Again these are cascaded so you only need to include the settings that are different for that environment and it will get the rest of the settings from your default-conf.json and the cohesion-default-conf.json.

Configuration Options

global

Global configurations are settings that may effect multiple areas of the code. Global should only be used as a last resort if the configuration doesn’t fit in better in any of the other setting sections. Options provided within the global section will be available to all Configurable objects.

Default global settings
Key Type Default Description
global.domain_name string ‘www.example.com’ Domain name of your application. Used for setting link URLs as well as other places. This will be overwritten by $_SERVER['HOST'] if it’s set but it’s important to still set this as it will be used in things like sending emails from the command line etc that don’t have access to the host parameter
global.production boolean false Whether or not the current system is being used in production.
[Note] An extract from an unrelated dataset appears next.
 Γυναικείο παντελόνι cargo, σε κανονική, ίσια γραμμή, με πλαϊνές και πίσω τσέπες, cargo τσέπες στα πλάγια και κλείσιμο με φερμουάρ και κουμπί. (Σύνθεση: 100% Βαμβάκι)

This is used for things such as setting the error output level as well as other business logic determinant on whether it’s in production or not.
global.autoloader.cache_key string ‘autoloader_cache’ Cache key used to cache the class paths for your files.
application

The application configuration section is what will be passed to your business logic classes. This is where you should be placing your own configurations for your application settings and should contain all your business rule settings.
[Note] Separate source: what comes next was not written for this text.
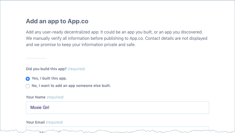 Field Description Your Name Your first and last name. Your Email A valid email address. If you are submitting an example of Animal Kingdom sample,this is the email where we will send you instructions for getting your Zero to DApp t-shirt. App Name Name of your application. If you are submitting an example of Animal Kingdom sample, enter USERNAME: Animal Kingdom.Short description Describe your application. Website The URL of the website where you deployed your application. App icon URL URL_DEPLOYED_SITE/icon-192x192.pngfor example,https://animalkingdoms.netlify.com/icon-192x192.pngOpen Source URL The URL where your source code lives. If you are submitting an example of Animal Kingdom sample, you can leave this blank for a sample application. Twitter Handle Optionally enter a Twitter handle for your application, for example `@coolapp`. Category If you are submitting an example of Animal Kingdom sample, make sure you choose the Sample Blockstack Apps category. Blockchain If you are submitting an example of Animal Kingdom sample, leave this as is. Storage Choose Gaia if you are using it. Authentication Choose Blockstack; Blockstack Authentication is required to participate in Animal Kingdom. - Check App is publicly accessible and user-ready.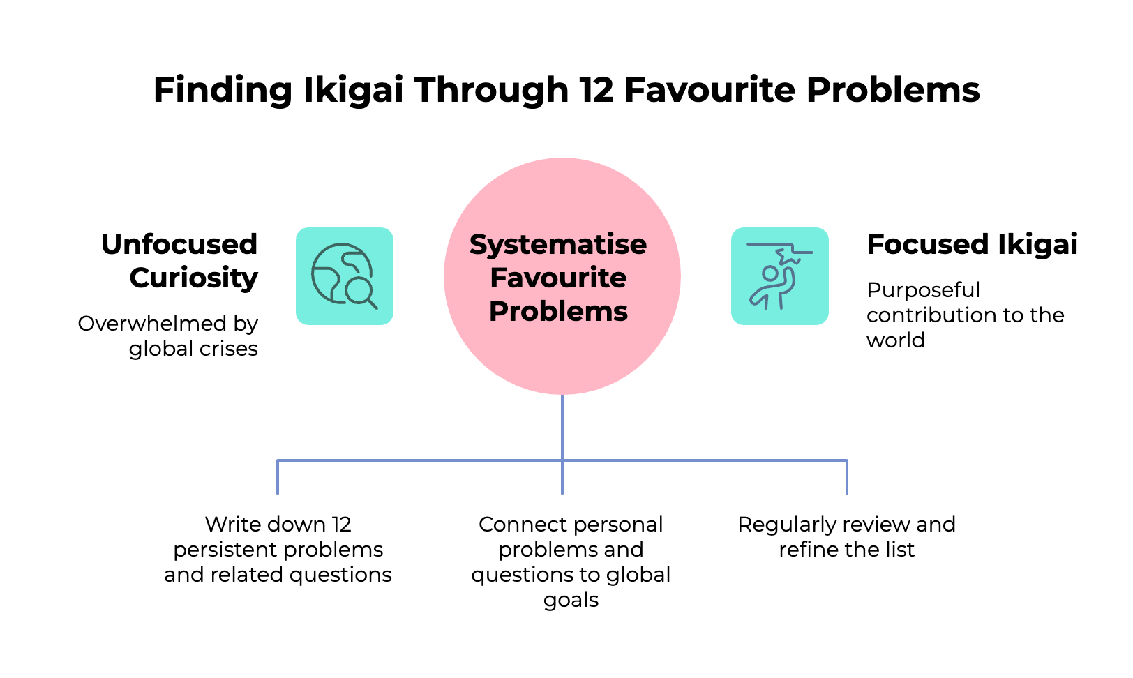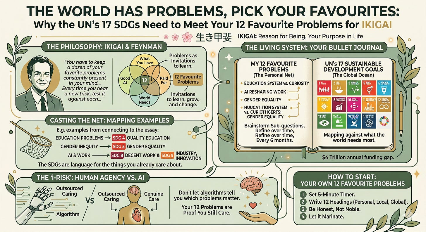 This matters for the bigger picture. If you’ve been following the hatarakigai thread, you know there are four aspects to ‘work worth doing’; what you love, what you’re good at, what the world needs and what you can be paid for. Your twelve favourite problems are the most powerful way I’ve found to fill in that third circle... “what the world needs”... with something real and personal rather than vague and overwhelming… and once that circle has your name on it, it starts talking to the others. What you’re good at gets sharper because you’re practising on problems you care about. What you love becomes clearer because you’re following genuine curiosity, not obligation. Even the money circle starts making more sense when you know what specific value you’re bringing. The twelve favourite problems don’t just feed hatarakigai. They feed your whole ikigai.

Default application settings
Key Type Default Description
class.default string null Default service to use if the ServiceFactory::getService() function isn’t provided a class name. The default of null means that you must specify the service as there’s no default.
class.prefix string ‘’ Prefix used in the service class name before the service name. For example if the prefix was “Application” and you called ServiceFactory::getService('User') it will look for a ApplicationUser class.
class.suffix string ‘Service’ Suffix used in the service class name after the service name. For example with the default suffix of “Service” when you call ServiceFactory::getService('User') it will look for a UserService class.
routing

The routing configuration section is used to decided how to deal with incoming requests and decide which Controller should be used to handle it.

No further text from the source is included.